%%
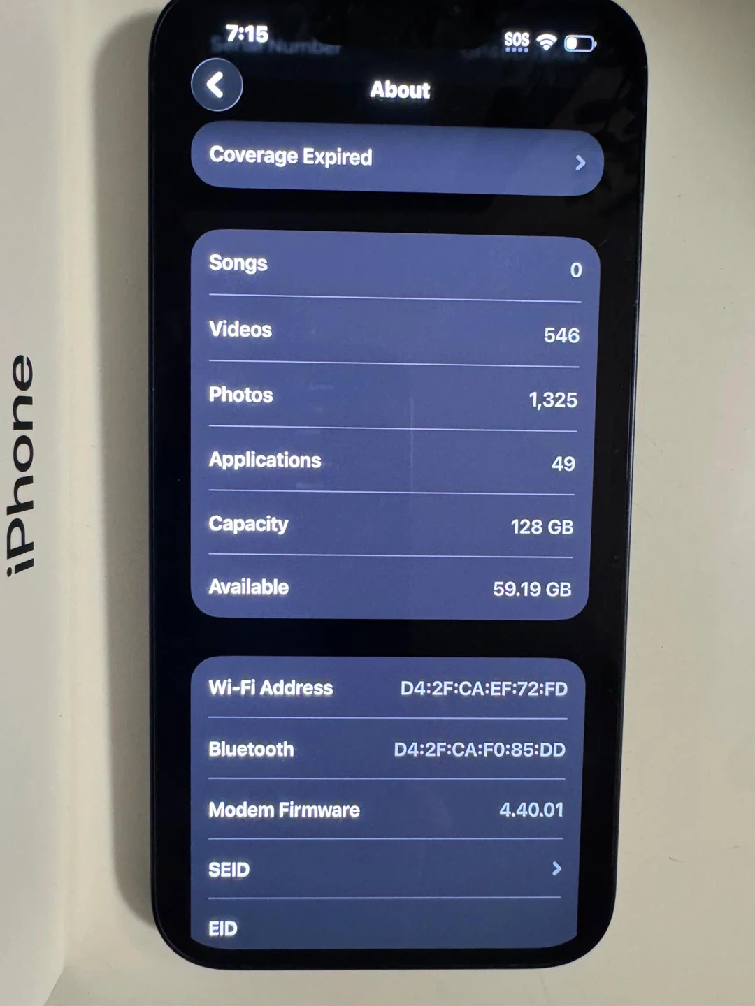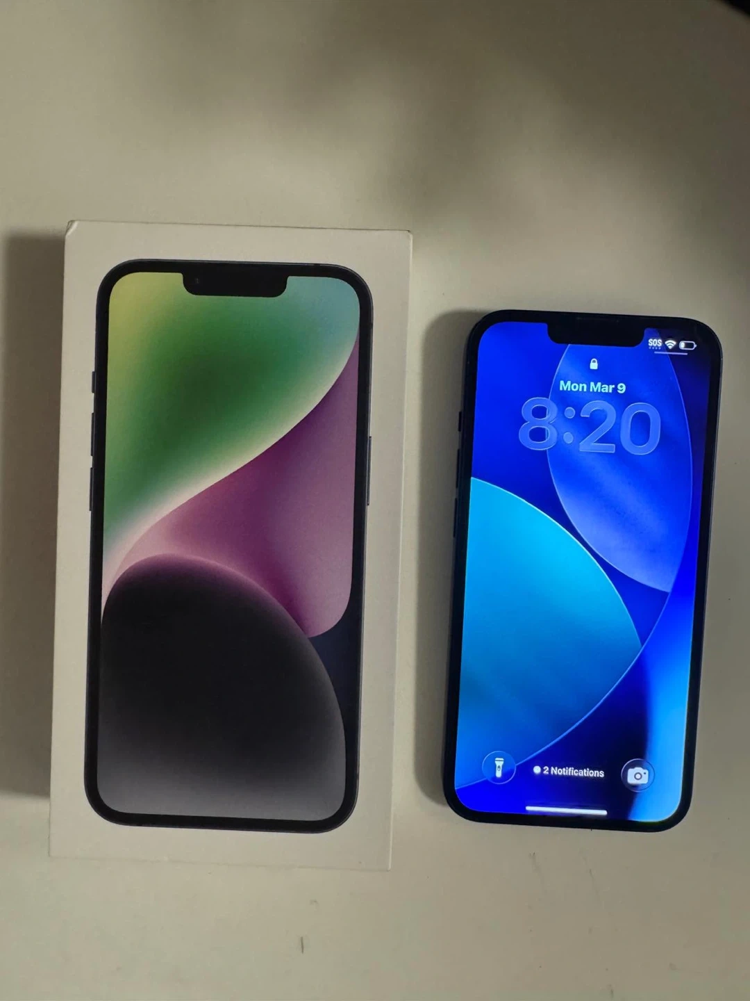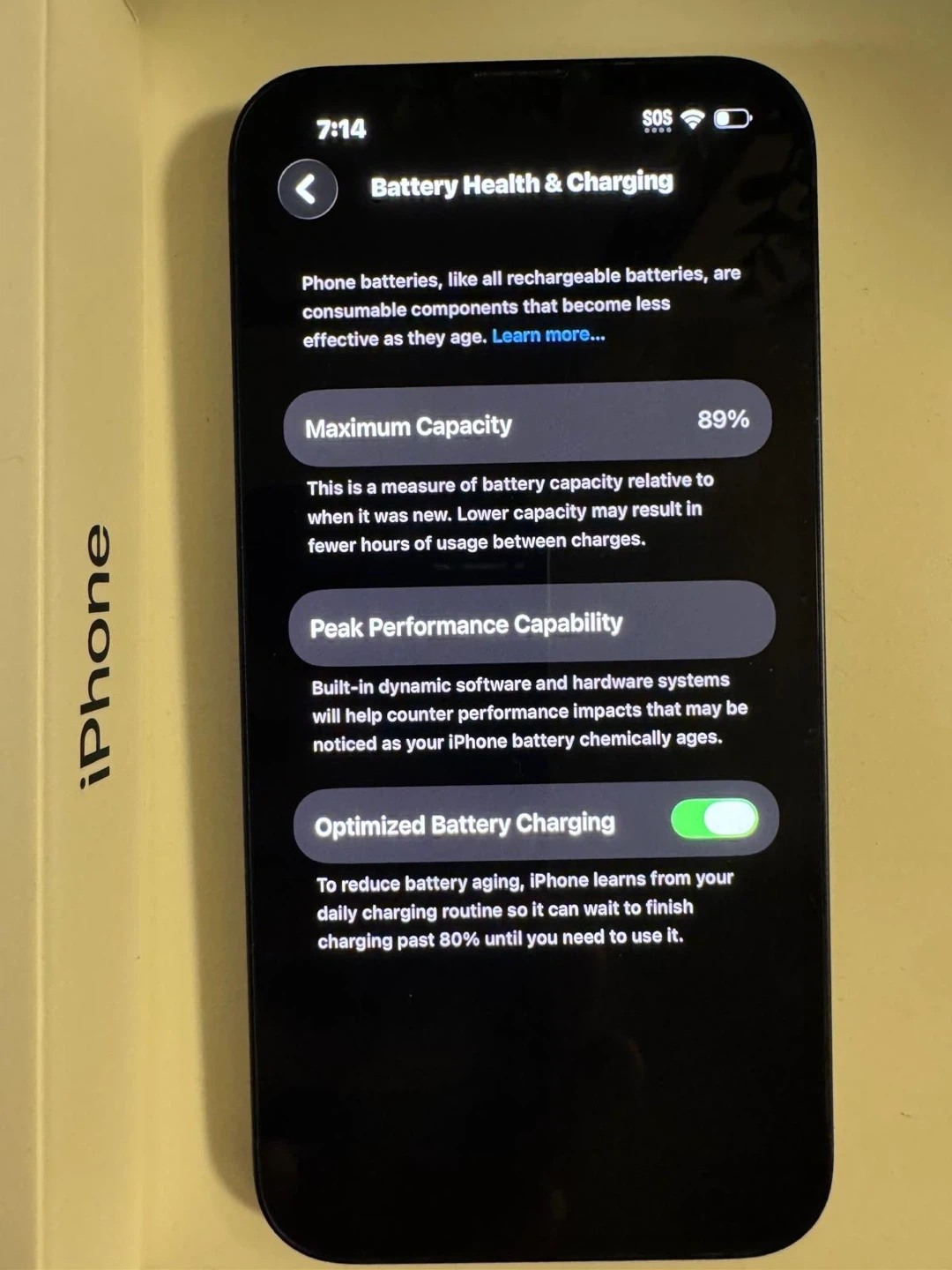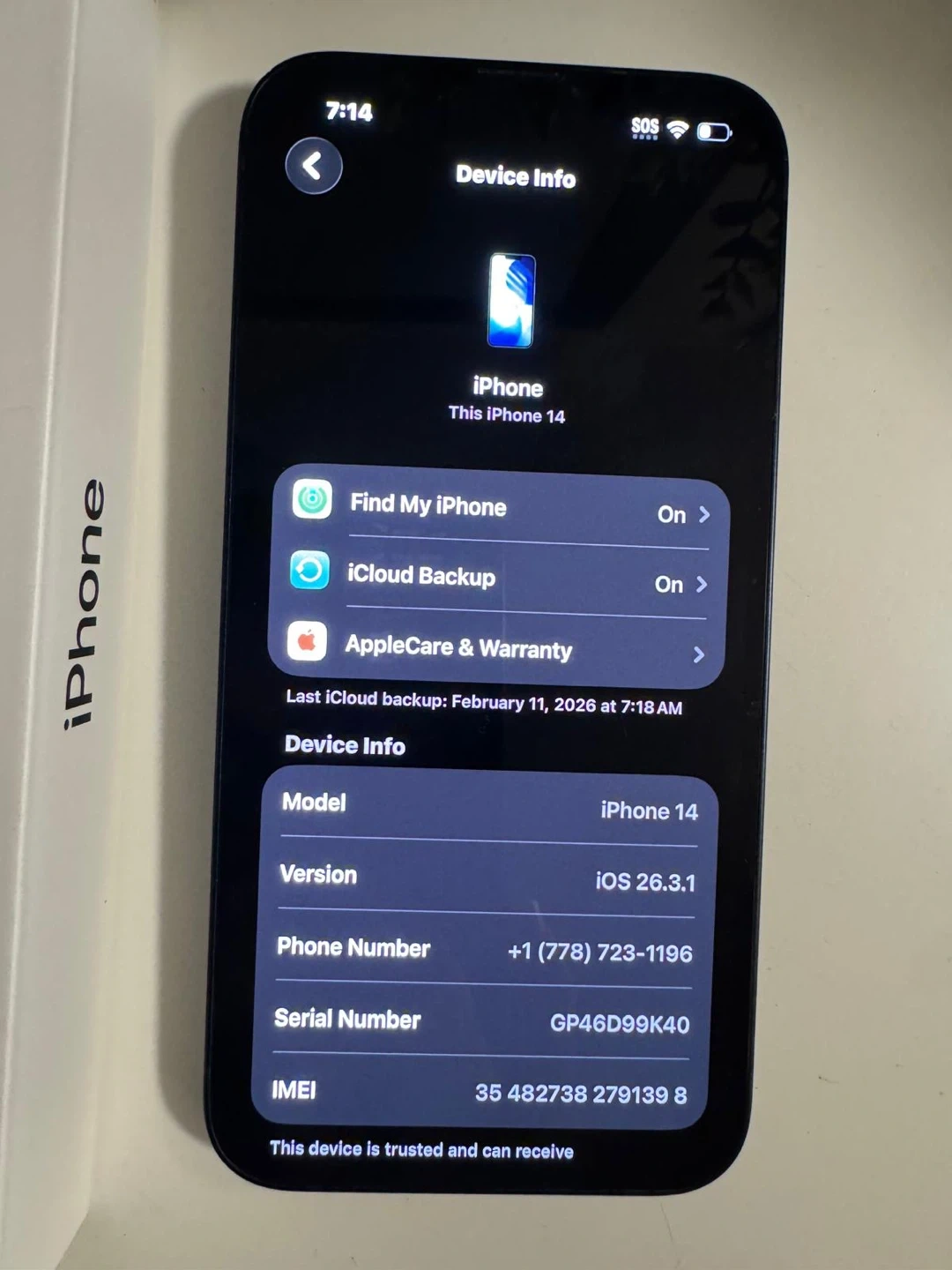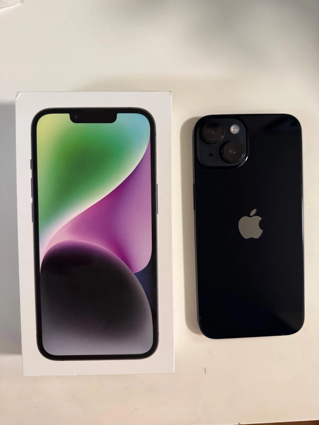 Apple iPhone 14 with 128GB capacity. It's in the Midnight colour. Battery health is at 89%. Includes original box.
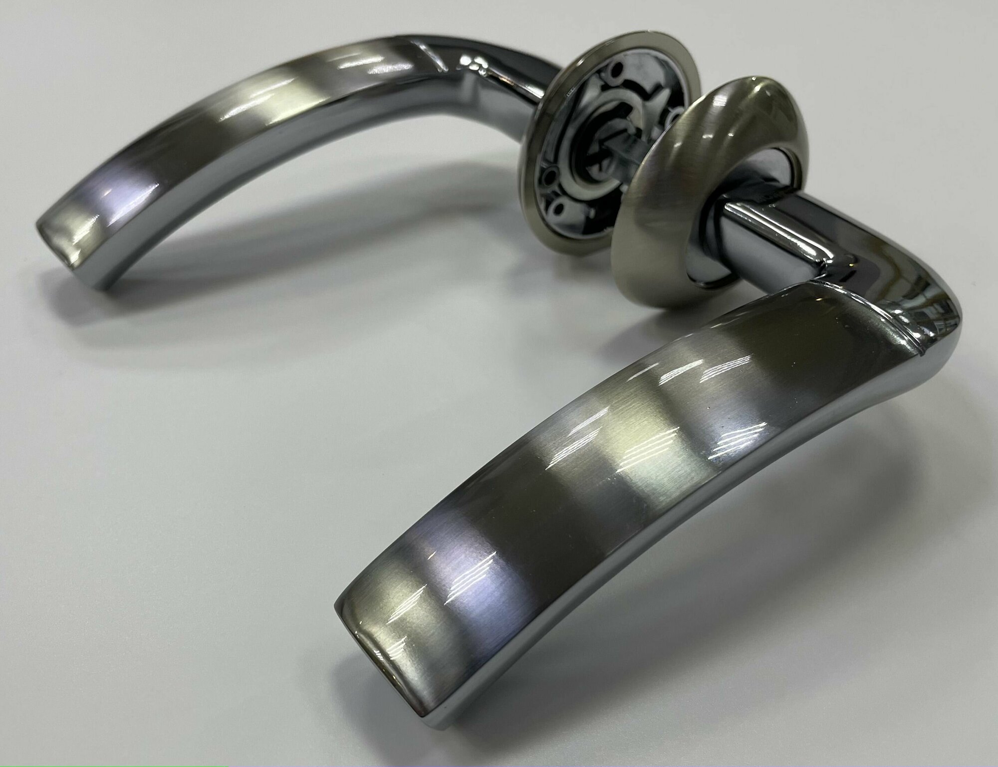 Ручка дверная Morelli MH-02 SN/CP белый никель/хром гладкая, ручки для межкомнатных дверей комплект, фурнитура
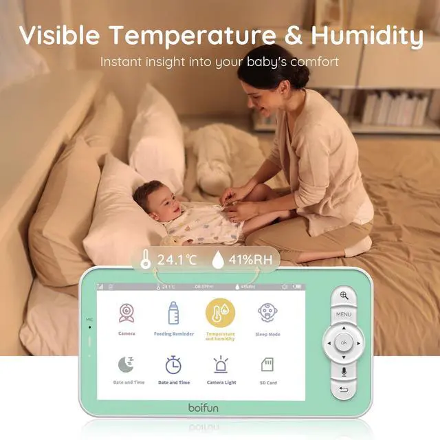 2K WiFi Baby Monitor with Camera and Audio,Smartphone APP, Colorful Night Light, Smart AI Motion & Sound & Humidity & Temperature Detection, Auto Tracking,5-Inch Monitor Control, Night Vision
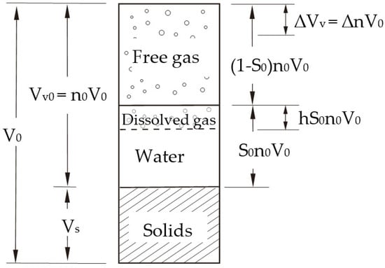 where is the degree of water saturation, is Henry’s volumetric solubility parameter of the gas, is the current absolute pore water pressure, and is the compressibility coefficient of the pore water. Henry’s constant changes with different gas and liquid combinations. For example, for the carbon dioxide–water mixture, is 0.86, and regarding the methane–water mixture, is 0.034 [4]. It should be noted that the degree of saturation changes due to the change in the fluid volume in the incremental calculation; the ith step of the saturation is expressed by (ei = void ratio, = volumetric strain).
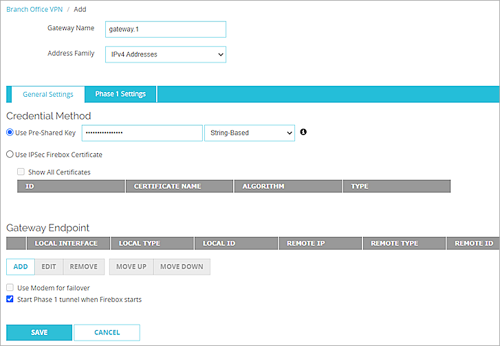 - In the Gateway Endpoint section, select the Start Phase 1 tunnel when Firebox starts check box.
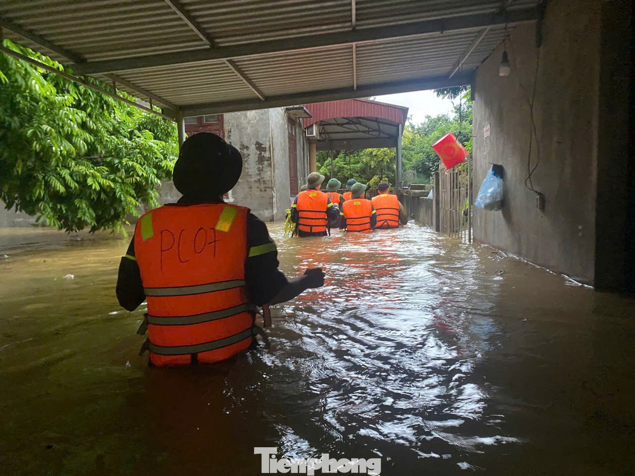Hình ảnh các chiến sỹ Công an Lạng Sơn đi từng gia đình ngập lụt cứu dân (video ghi vào chiều 7/10/2025).
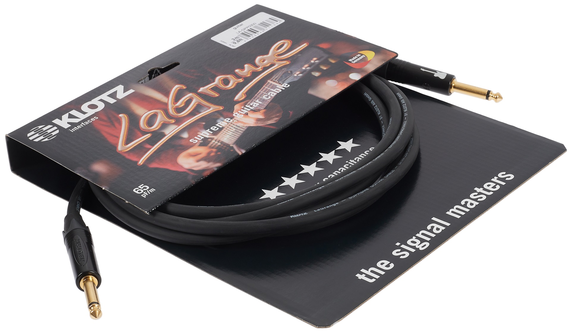 Nástrojový kábel Prístrojové káble Klotz z radu LaGrange sú na trhu od roku 1985 a počas svojej existencie sa tešia veľkej obľube. Ich veľkým lákadlom je bleskurýchla odozva, dynamický zvuk a minimálna kompresia. Mimoriadne nízka kapacita 65 pF/m zaručuje verný prenos zvuku a trojité tienenie poskytuje spoľahlivú ochranu pred šumom a hlukom. Vodič v jadre je vyrobený z kvalitnej medi. Výsledkom je čistý, frekvenčne vyvážený zvuk, ktorý ocenia aj tí najnáročnejší hudobníci.
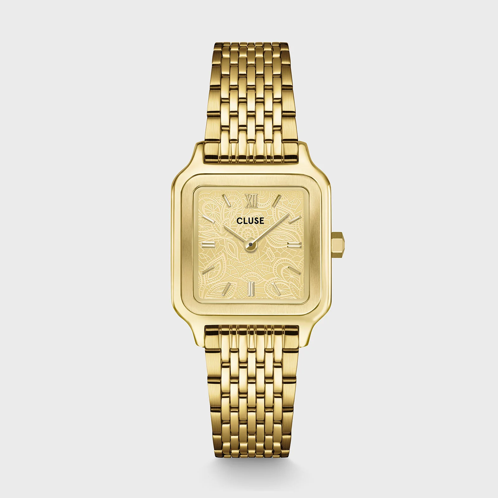 La montre Gracieuse Petite de CLUSE incarne la finesse et le raffinement dans un format plus discret. Son cadran carré orné de motifs délicats et son bracelet doré en font un bijou subtil et sophistiqué.
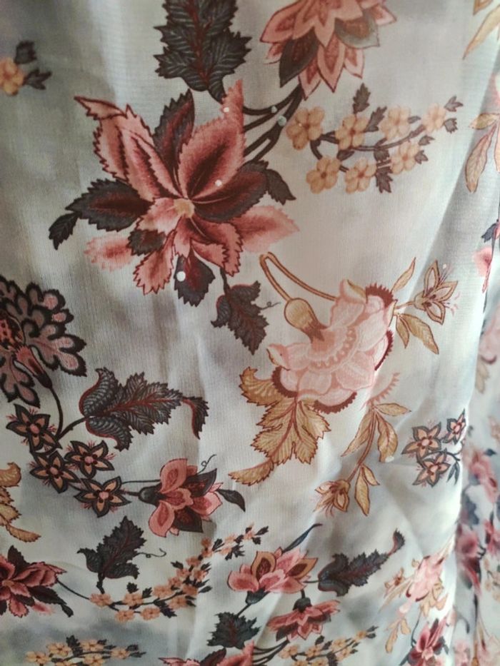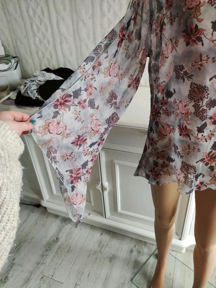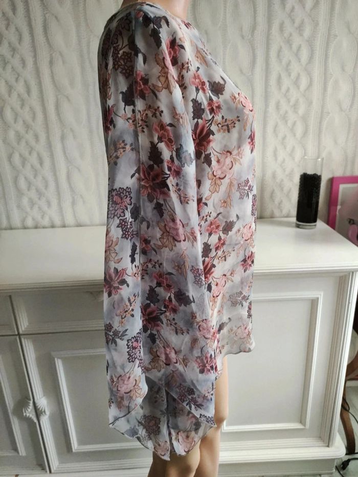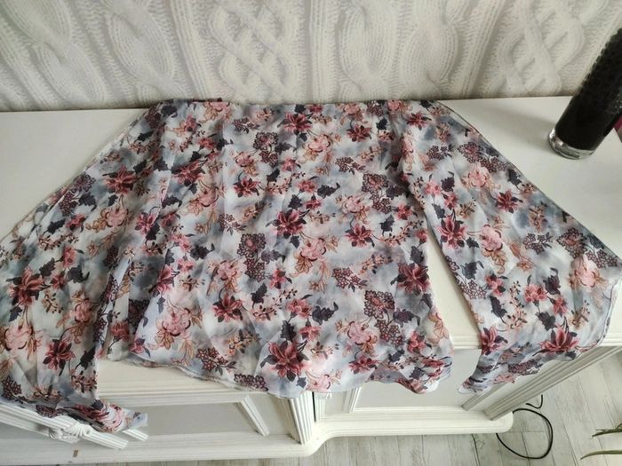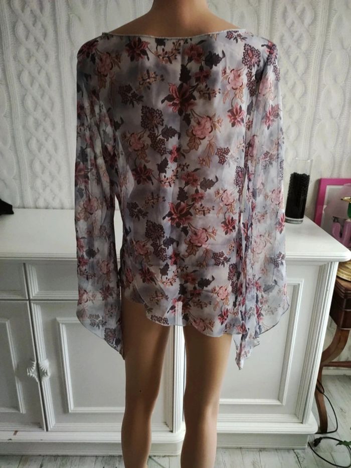 Bon état quelques petites taches blanches sur le vêtement au dos (dernière photo) manches très larges. top transparent et asymétrique sur le bas. bras ouverts. va de la taille 38 à 42 matière fluide #baronne40
%%
▶ Task objective
Begin with the line containing "Nástrojový kábel Prístrojové" and end with the last line of the material above; return exactly those lines, both ends included, and omit all pictures.

▶ Response for this exercise
 Nástrojový kábel Prístrojové káble Klotz z radu LaGrange sú na trhu od roku 1985 a počas svojej existencie sa tešia veľkej obľube. Ich veľkým lákadlom je bleskurýchla odozva, dynamický zvuk a minimálna kompresia. Mimoriadne nízka kapacita 65 pF/m zaručuje verný prenos zvuku a trojité tienenie poskytuje spoľahlivú ochranu pred šumom a hlukom. Vodič v jadre je vyrobený z kvalitnej medi. Výsledkom je čistý, frekvenčne vyvážený zvuk, ktorý ocenia aj tí najnáročnejší hudobníci.
 La montre Gracieuse Petite de CLUSE incarne la finesse et le raffinement dans un format plus discret. Son cadran carré orné de motifs délicats et son bracelet doré en font un bijou subtil et sophistiqué.
 Bon état quelques petites taches blanches sur le vêtement au dos (dernière photo) manches très larges. top transparent et asymétrique sur le bas. bras ouverts. va de la taille 38 à 42 matière fluide #baronne40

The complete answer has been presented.